● EXERCISE PROMPT
Copy out the data that comes next, character for character, and leave the images aside.

● SUPPLIED MATERIAL
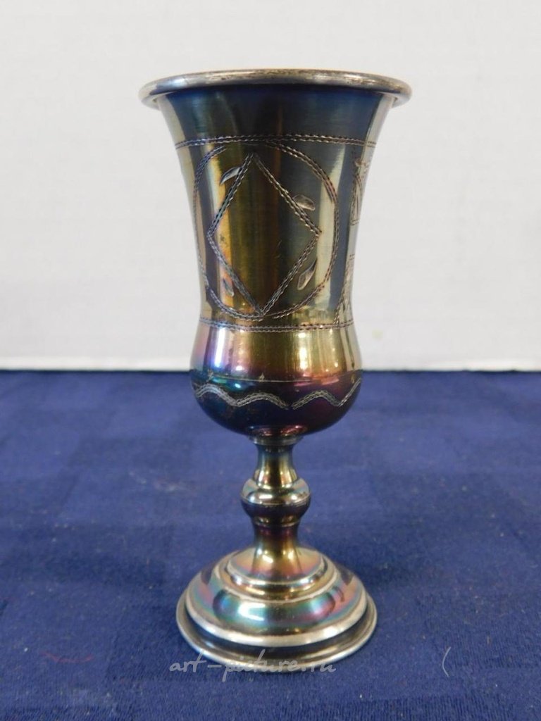 Два русских кубка, отметки 84 стандарта серебра, гравированные медальоны и края, высота 4 дюйма, общий вес 3,13 унции. Состояние: очень хорошее, оксидированное.
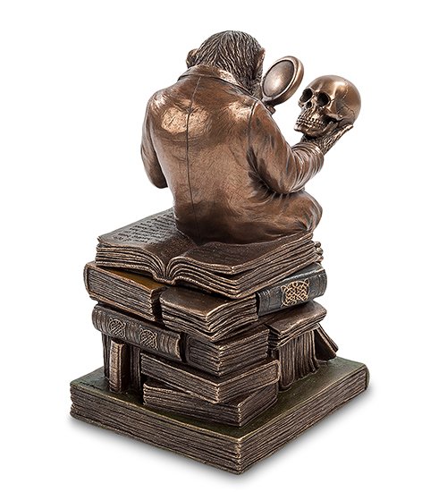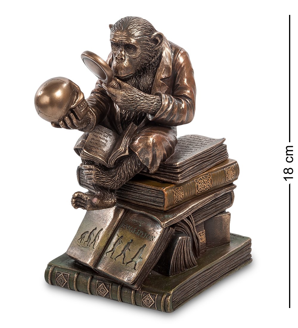 Шкатулка в виде скульптурной композиции "Обезьяна с черепом человека в руке" интересная, необычная и практичная вещь. Обезьяна восседает на стопке книг об эволюции Чарльза Дарвина, в руках держит человеческий череп. Над этой вещицей стоит задуматься.
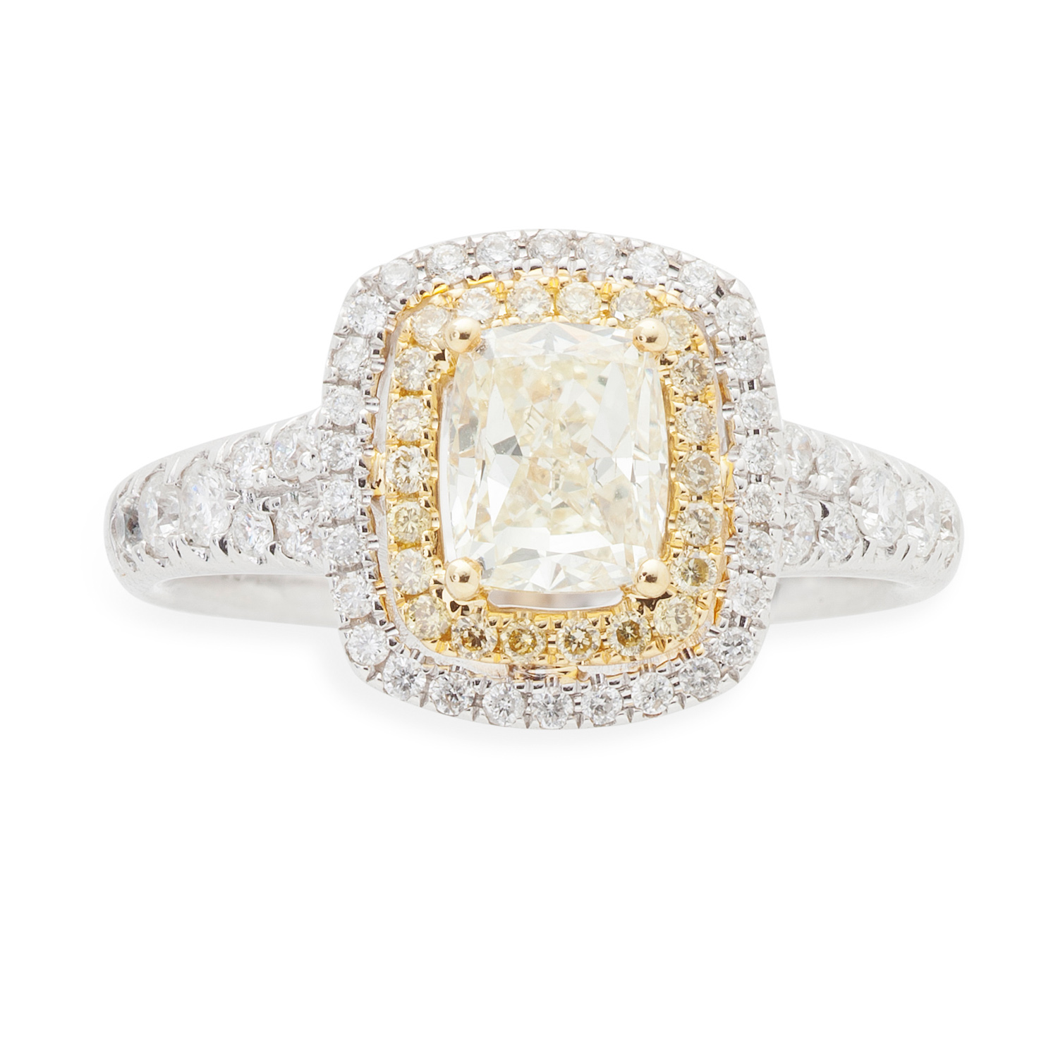 the central corner claw set cushion cut fancy light yellow diamond within a rounded rectangular border, millegrain set with round brilliant cut fancy yellow diamonds and a similar outer border of colourless diamonds, flanked by split shoulders also set with graduated colourless diamonds, shank stamped 750

● EXERCISE SOLUTION
 Два русских кубка, отметки 84 стандарта серебра, гравированные медальоны и края, высота 4 дюйма, общий вес 3,13 унции. Состояние: очень хорошее, оксидированное.
 Шкатулка в виде скульптурной композиции "Обезьяна с черепом человека в руке" интересная, необычная и практичная вещь. Обезьяна восседает на стопке книг об эволюции Чарльза Дарвина, в руках держит человеческий череп. Над этой вещицей стоит задуматься.
 the central corner claw set cushion cut fancy light yellow diamond within a rounded rectangular border, millegrain set with round brilliant cut fancy yellow diamonds and a similar outer border of colourless diamonds, flanked by split shoulders also set with graduated colourless diamonds, shank stamped 750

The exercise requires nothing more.